In the Chinese patent 'an intelligent brain wave music wearable device (CN 201911179114.6) capable of adjusting mental state', brain wave characteristics such as period, amplitude, power and the like are mapped into sound length, pitch and sound intensity by using a parameter mapping method. However, this method has the following drawbacks: (1) The characteristics of period, amplitude and average power are not enough to represent the emotion contained in brain waves well; (2) It is difficult to find a good mapping function to map the features of brain waves into pitch, length and intensity. Resulting in messy music being generated, which is difficult to meet the music theory.
Disclosure of Invention
In order to solve the defects in the prior art, the invention provides an intelligent brain wave music earphone capable of interconnecting and interacting.

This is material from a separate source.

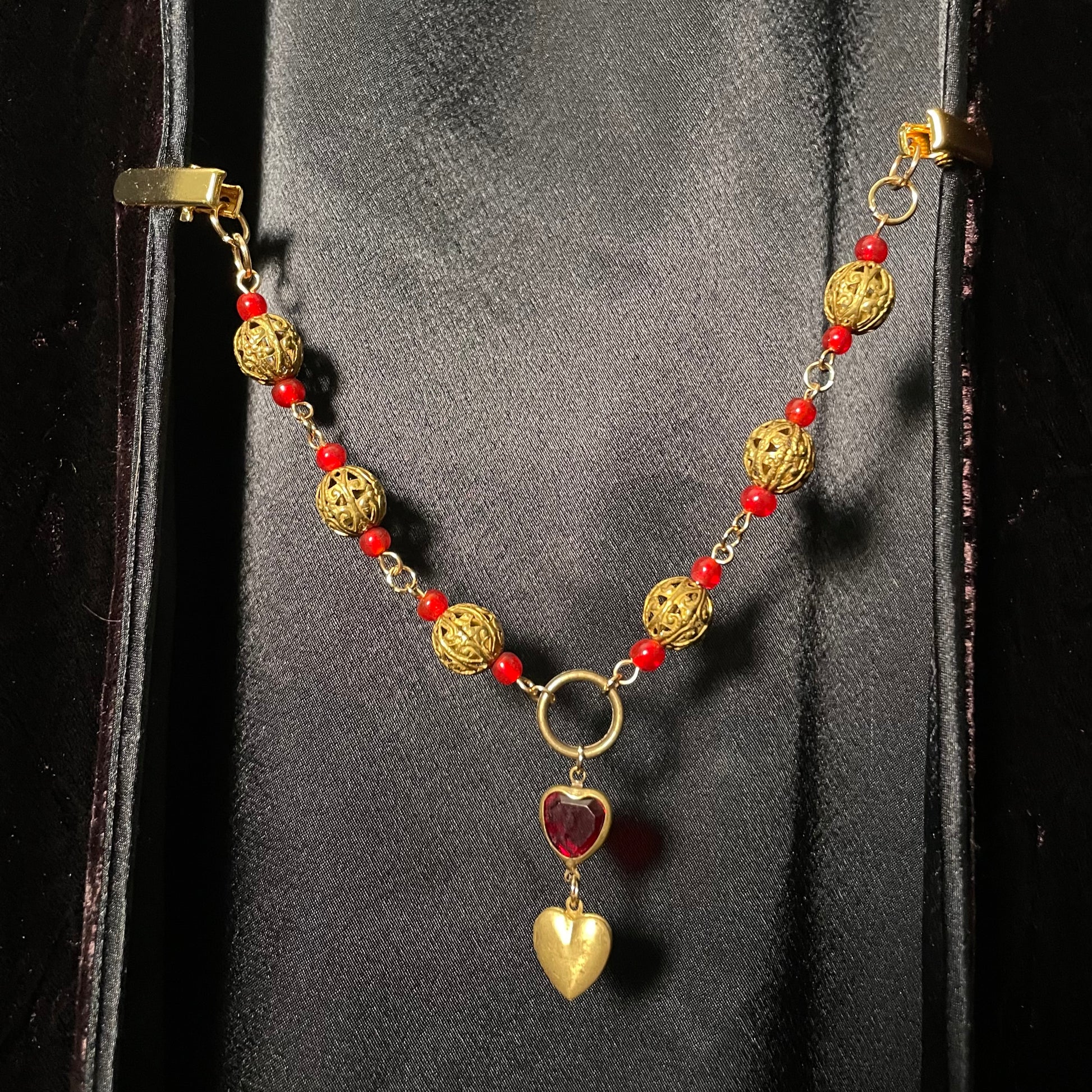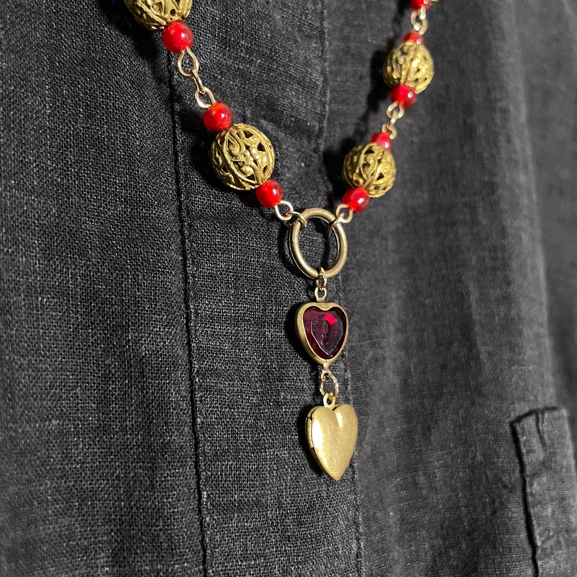 goldtone collar clip made from vintage filigree beads & a heart shape connector with a raw brass locket.

In order to achieve the aim of the invention, the invention provides an intelligent brain wave music earphone capable of interconnection and interaction, which comprises an electroencephalogram acquisition module, a mental state evaluation module, a brain wave music generation module, a brain wave music playing module and a communication module,
The electroencephalogram acquisition module is used for acquiring electroencephalogram signals of a user and preprocessing the electroencephalogram signals;
The mental state evaluation module is used for extracting delta, theta, alpha and beta four features from the preprocessed electroencephalogram signals through the artificial intelligence model, extracting mental emotion features, evaluating the mental state of a user according to the mental emotion features and obtaining emotion types of the user;
The brain wave music generation module is used for extracting characteristics of brain waves according to emotion types and the preprocessed brain wave signals and generating corresponding symbol music;
the brain wave music playing module is used for decoding and playing the symbolic music;
The communication module is used for realizing interconnection between the music earphone and/or realizing data transmission between the music earphone and other devices.
Further, the music earphone further comprises a power key, an indicator light and a bone conduction vibrator, wherein the power key is used for starting and performing functional operation, the indicator light is used for indicating the state of the intelligent earphone, and the bone conduction vibrator is used for enabling a user to hear brain wave music.

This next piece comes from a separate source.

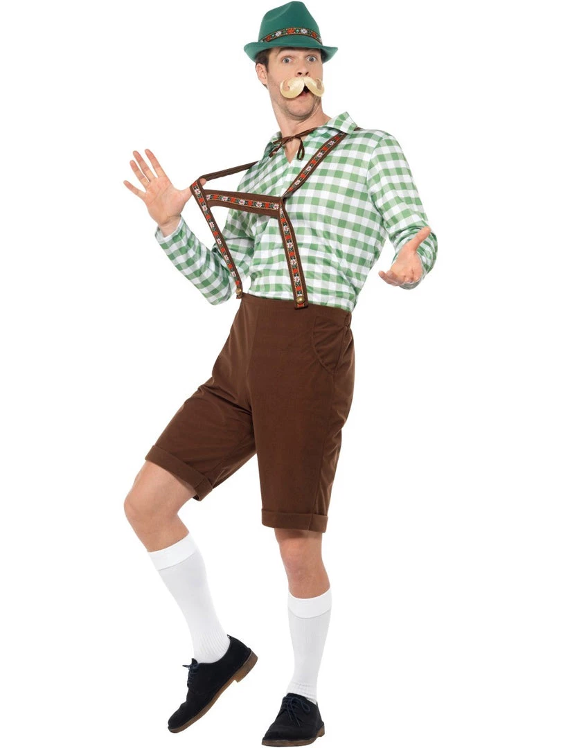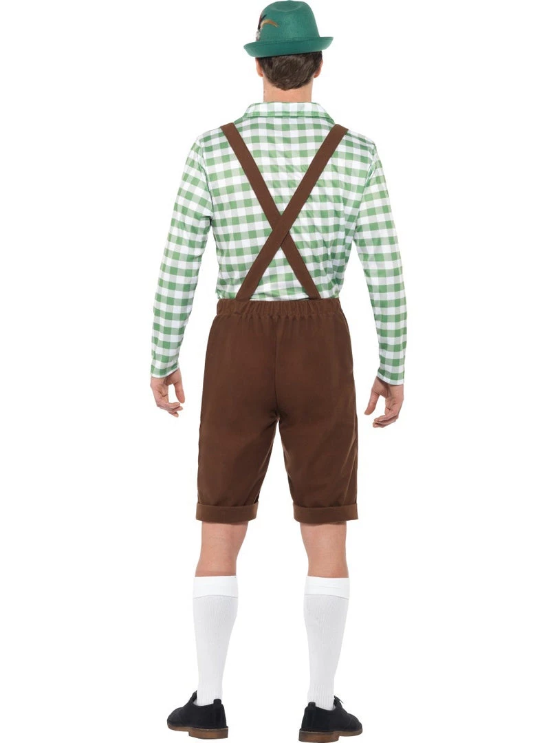This bright and fun men’s Oktoberfest costume includes a long sleeved green and white checked shirt and brown above the knee light brown cuffed material shorts with attached suspender straps!

Further, the electroencephalogram acquisition module comprises a left frontal electrode for acquiring a left frontal electrode channel of a user, a right frontal electrode for acquiring a right frontal electrode channel of the user and a frontal midline electrode for acquiring a frontal midline channel of the user.
Further, in the preprocessing of the electroencephalogram signals, the preprocessing comprises denoising, amplifying, electrooculography removing, artifact removing and filtering operations on the electroencephalogram signals.
Further, in the emotion classification obtained by evaluating the mental state of the user, the PAD model is adopted to quantify emotion, and the artificial intelligent model is used for evaluating the mental state.
Further, the artificial intelligence model is any one of a long-short-time memory network, an attention mechanism class model and a time convolution network.
Further, the brain wave music generation module obtains corresponding symbol music by inputting the preprocessed brain electric signals and emotion categories into a symbol music generation model, wherein the symbol music generation model is any one of a convolutional neural network, a long-short-time memory network or a GPT model.
Further, the symbolic music generation model is obtained through pre-training and fine tuning, and the pre-training comprises the following steps: when the symbol music generation model is a convolutional neural network, the deconvolution neural network is used as a generator by using a training method for generating countermeasures, the convolutional neural network is used as a discriminator to pretrain the convolutional neural network, and when the symbol music generation model is a long-short-term memory network or a GPT model, the language model is used for pretraining; and (3) performing fine tuning on the pre-trained symbol music generation model on the music data set with the emotion labels.
Compared with the prior art, the invention has the following beneficial effects:
(1) The frequency range of the brain wave is usually 1-40Hz, and the sound which can be heard by the human ear is 20-20000Hz, so that people can not feel the existence of the brain wave in a natural state. The interconnectable intelligent brain wave music earphone can convert brain waves into music conforming to music theory. Through the produced brain wave music, the emotion of the user can be intuitively felt and understood. Compared with the traditional method for generating music in a direct translation mode, the music generated by the method is more musical and accords with music theory. Compared with the traditional method for generating music by parameter mapping, the music generated by the method is more accordant with music theory, and meanwhile, the method for generating music is more flexible and diversified.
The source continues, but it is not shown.